Title: Partial Transfer Learning for Causal Estimation
Version: 0.1.0
Description: Implements partial transfer learning (PTL) for causal effect estimation using source and target data, with bootstrap-based source detection. Provides data generating processes and nuisance functions for simulation.
License: GPL-2 | GPL-3 [expanded from: GPL (≥ 2)]
URL: https://github.com/JackQuu/PartialTL
BugReports: https://github.com/JackQuu/PartialTL/issues
Encoding: UTF-8
Depends: R (≥ 4.0.0)
Imports: MASS, DoubleML, ncvreg
Suggests: lgr, mlr3, mlr3learners, glmnet
NeedsCompilation: no
Packaged: 2026-02-15 07:13:22 UTC; QUXINHAO
Author: Xinhao Qu [aut, cre]
Maintainer: Xinhao Qu <xqu018@ucr.edu>
Repository: CRAN
Date/Publication: 2026-02-18 19:10:13 UTC

Partial Transfer Learning for Causal Estimation and Source Detection

Description

Implements partial transfer learning (PTL) and heterogeneous partial transfer learning (HPTL) for causal effect estimation using source and target data. Uses double machine learning for nuisance estimation and cross-fitting. Provides bootstrap-based source detection to identify which sources are transferable to the target.
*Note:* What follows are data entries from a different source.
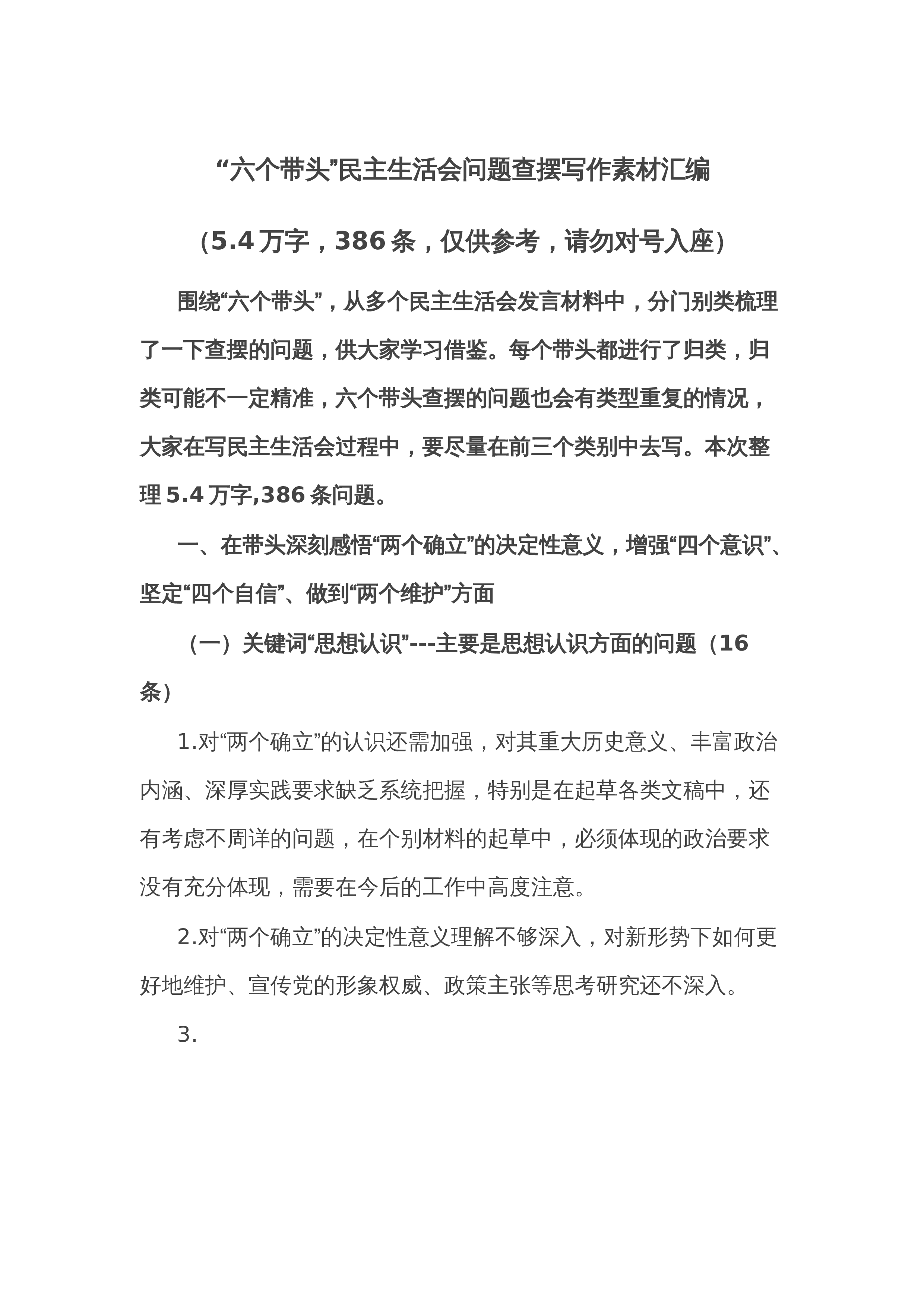 “六个带头”民主生活会问题查摆写作素材汇编(5.4万字,386条,仅供参考,请勿对号入座)围绕“六个带头”,从多个民主生活会发言材料中,分门别类梳理了一下查摆的问题,供大家学习借鉴。每个带头都进行了归类,归类可能不一定精准,六个带头查摆的问题也会有类型重复的情况,大家在写民主生活会过程中,要尽量在前三个类别中去写。本次整理5.4万字,386条问题。一、在带头深刻感悟“两个确立”的决定性意义,增强“四个意识”、坚定“四个自信”、做到“两个维护”方面(一)关键词“思想认识”---主要是思想认识方面的问题(16条)1.对“两个确立”的认识还需加强,对其重大历史意义、丰富政治内涵、深厚实践要求缺乏系统...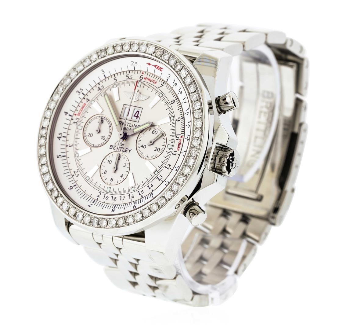 One Breitling Bentley Stainless Steel and Diamond Wristwatch. 58 diamonds with a total weight of 2.20cts with a color of (F-G) and clarity of VS2-SI1). 49mm case. Chronograph functions include hours, minutes, seconds, and date. GGA Appraised.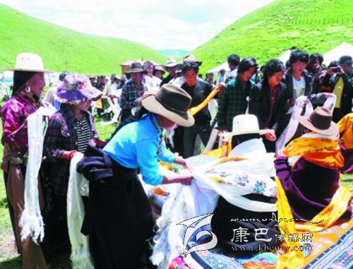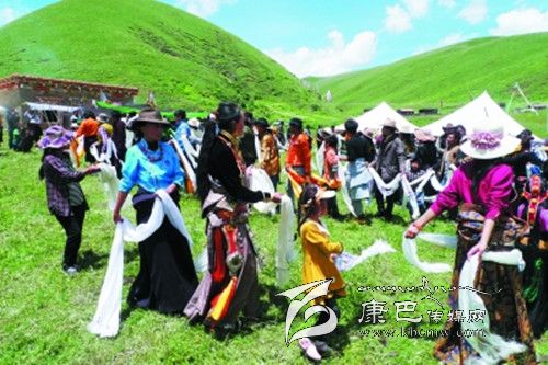 剛走進宗塔壩子,記者便意識到一個人想象力的貧乏,現(xiàn)實中的宗塔草原以一種與眾不同的美把一個人的目光悄悄托起。四周長滿牧草的小山像溫順的花瓣,靜靜包裹著那一片平坦的壩子,如果一個人眺望的目光足夠高足夠遠,山和壩子的造型會讓人聯(lián)想到一朵蓮花,而壩子里小點般的帳篷就像一顆顆蓮子,世世代代的宗塔人便在這蓮花般盛開的天地里穿行、繁衍生息。

Includes data generating processes and nuisance functions for simulation.

Details

Main functions:

Run demo(package = "PartialTL") for demo scripts.

Author(s)

Author author@example.com

References

(Add references to the partial transfer learning and DML literature.)


Data Generating Process

Description

Generates (X, D, Y) for simulations: multivariate normal X with AR(1)-type covariance, treatment D from a linear confounding model plus noise, and outcome Y = rho*D + f(X) + error.

Usage

DGP(n, q, p, p.nonzero, rho, Beta, Gamma, mu = rep(10, p), sigma = 0.5,
    f_func = f_0, g_func = g_0, seed = NULL)

Arguments

n

Sample size.

q

Causal dimension (kept for interface; unused in current body).

p

Nuisance dimension (number of covariates).

p.nonzero

Number of non-zero coefficients for Beta and Gamma.

rho

Causal effect (scalar).

Beta

Nuisance coefficient vector for outcome; p \times 1.

Gamma

Nuisance coefficient vector for treatment; p \times 1.

mu

Mean vector of X; length p.

sigma

Base for AR(1)-type covariance: \Sigma_{i,j} = \sigma^{|i-j|}.

f_func

Function f(X, Beta) for outcome nuisance; default f_0.

g_func

Function g(X, Gamma) for treatment equation; default g_0.

seed

Optional random seed.

Value

A list with components D (treatment), X (design matrix), Y (outcome), and data (cbind(Y, D, X)).

See Also

f_0, g_0, f_k, g_k, fit_PTL, RMSE

Examples

  set.seed(1)
  n <- 50
  p <- 10
  p.nz <- 3
  Beta <- matrix(c(rep(0.5, p.nz), rep(0, p - p.nz)))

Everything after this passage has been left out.